* The task: Without including any images, repeat the data exactly.

Stored data
########

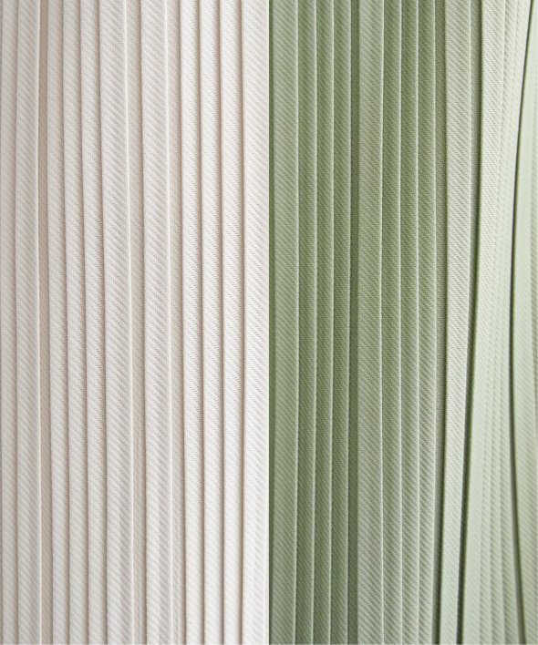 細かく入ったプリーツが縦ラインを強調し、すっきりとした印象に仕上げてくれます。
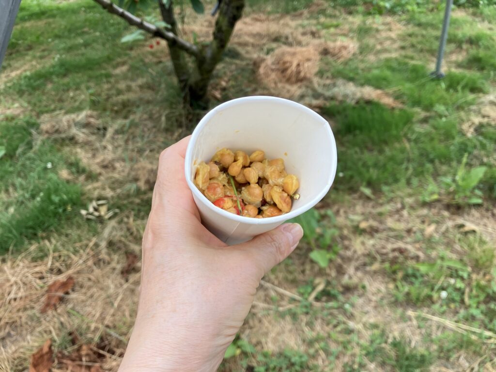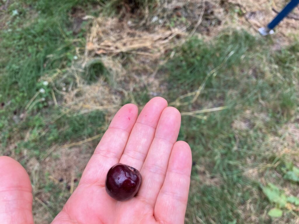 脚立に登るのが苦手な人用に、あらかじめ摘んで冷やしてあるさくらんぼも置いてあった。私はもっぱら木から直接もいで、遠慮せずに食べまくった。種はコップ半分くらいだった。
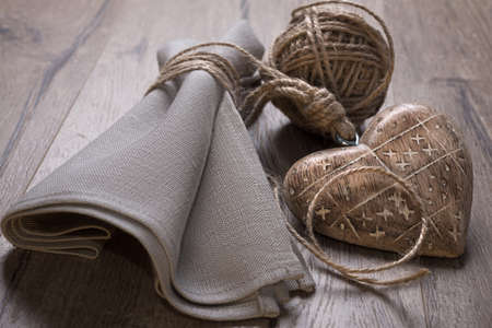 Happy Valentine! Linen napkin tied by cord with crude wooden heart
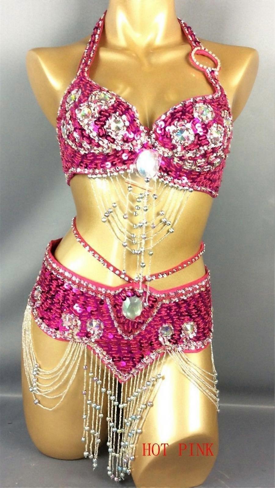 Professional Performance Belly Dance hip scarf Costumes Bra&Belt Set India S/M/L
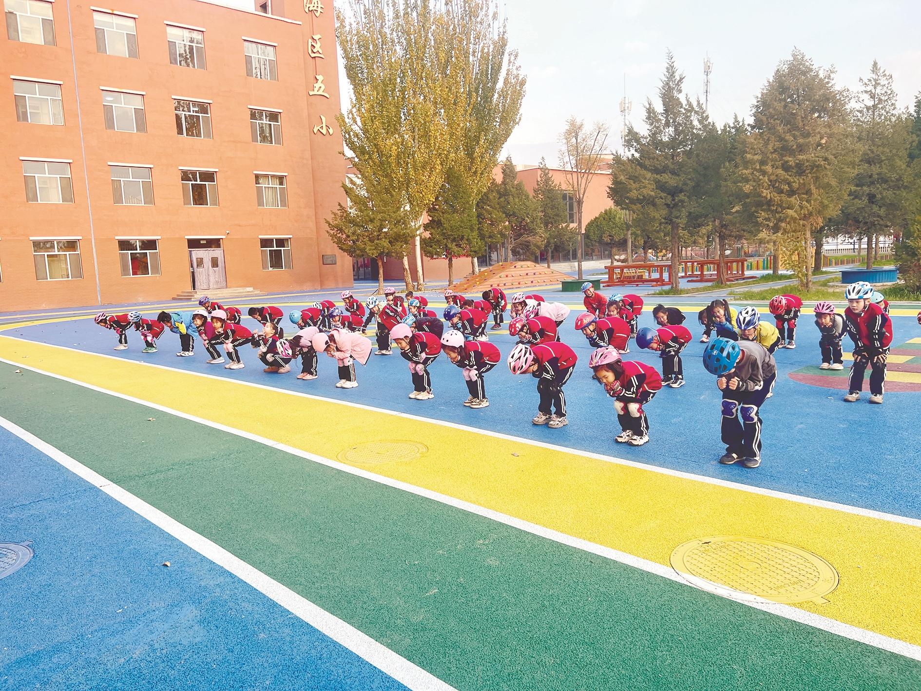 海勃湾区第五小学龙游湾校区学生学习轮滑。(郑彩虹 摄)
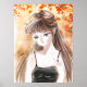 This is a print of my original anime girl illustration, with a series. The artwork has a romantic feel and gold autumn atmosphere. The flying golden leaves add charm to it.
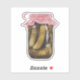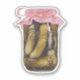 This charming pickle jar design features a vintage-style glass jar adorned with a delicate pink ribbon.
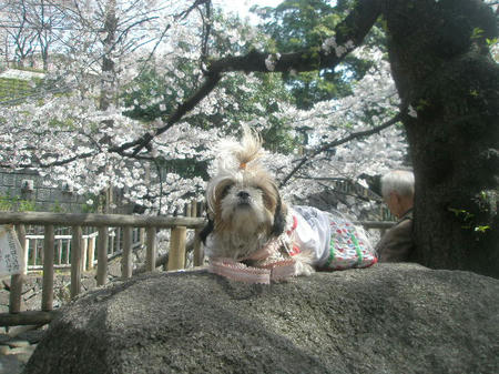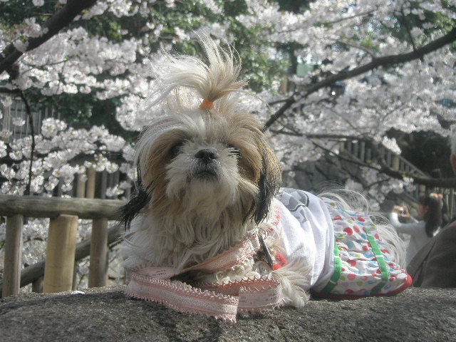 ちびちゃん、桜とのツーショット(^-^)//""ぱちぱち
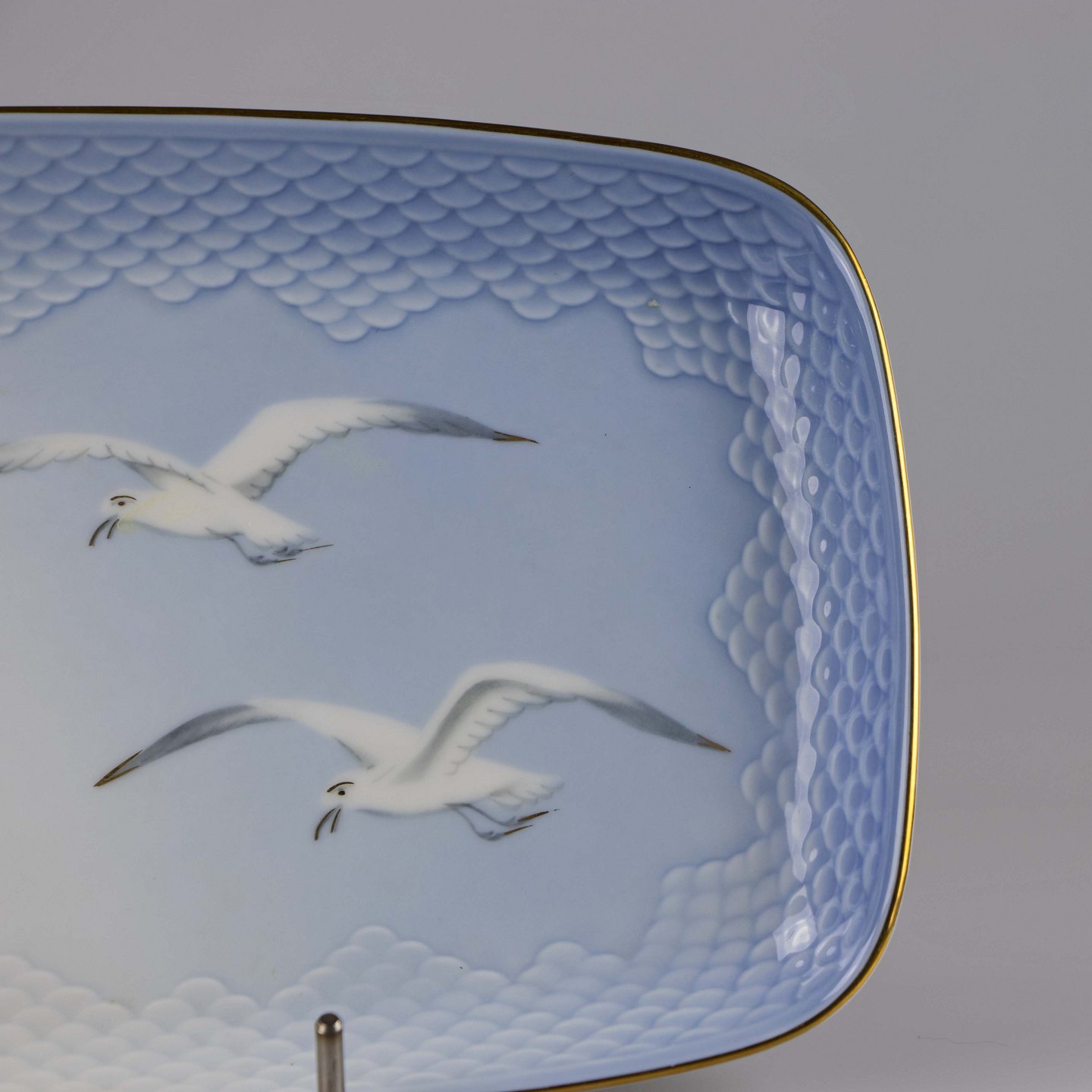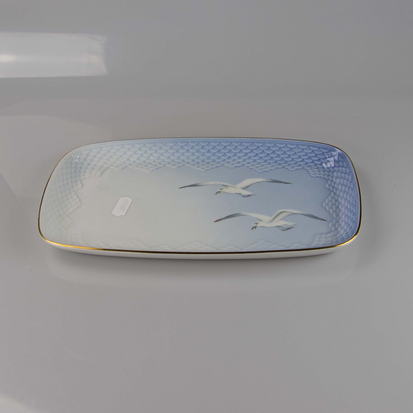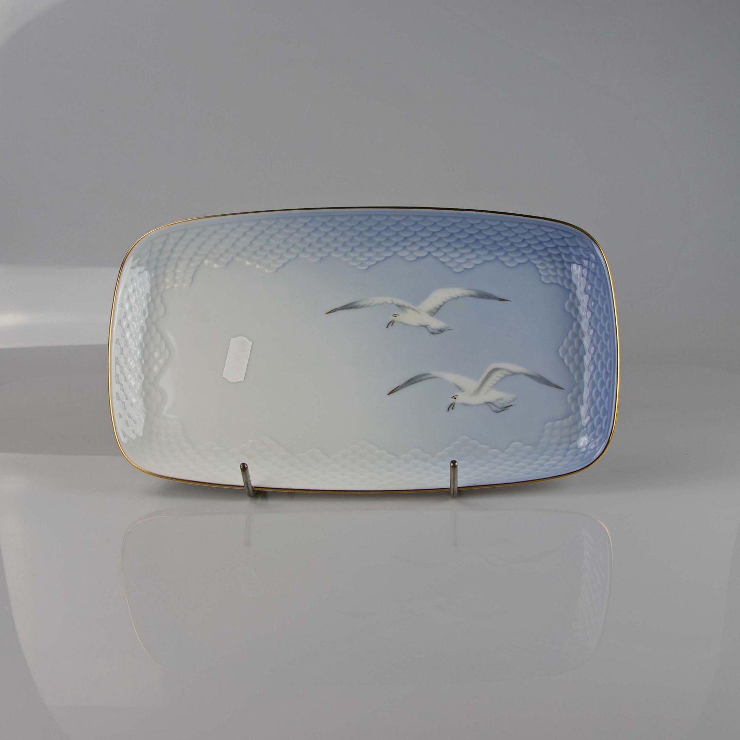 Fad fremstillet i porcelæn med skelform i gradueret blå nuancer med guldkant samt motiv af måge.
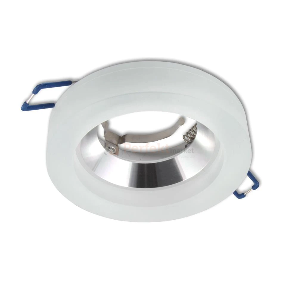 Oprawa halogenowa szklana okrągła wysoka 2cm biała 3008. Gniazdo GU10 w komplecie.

########

* Response below:
 細かく入ったプリーツが縦ラインを強調し、すっきりとした印象に仕上げてくれます。
 脚立に登るのが苦手な人用に、あらかじめ摘んで冷やしてあるさくらんぼも置いてあった。私はもっぱら木から直接もいで、遠慮せずに食べまくった。種はコップ半分くらいだった。
 Happy Valentine! Linen napkin tied by cord with crude wooden heart
 Professional Performance Belly Dance hip scarf Costumes Bra&Belt Set India S/M/L
 海勃湾区第五小学龙游湾校区学生学习轮滑。(郑彩虹 摄)
 This is a print of my original anime girl illustration, with a series. The artwork has a romantic feel and gold autumn atmosphere. The flying golden leaves add charm to it.
 This charming pickle jar design features a vintage-style glass jar adorned with a delicate pink ribbon.
 ちびちゃん、桜とのツーショット(^-^)//""ぱちぱち
 Fad fremstillet i porcelæn med skelform i gradueret blå nuancer med guldkant samt motiv af måge.
 Oprawa halogenowa szklana okrągła wysoka 2cm biała 3008. Gniazdo GU10 w komplecie.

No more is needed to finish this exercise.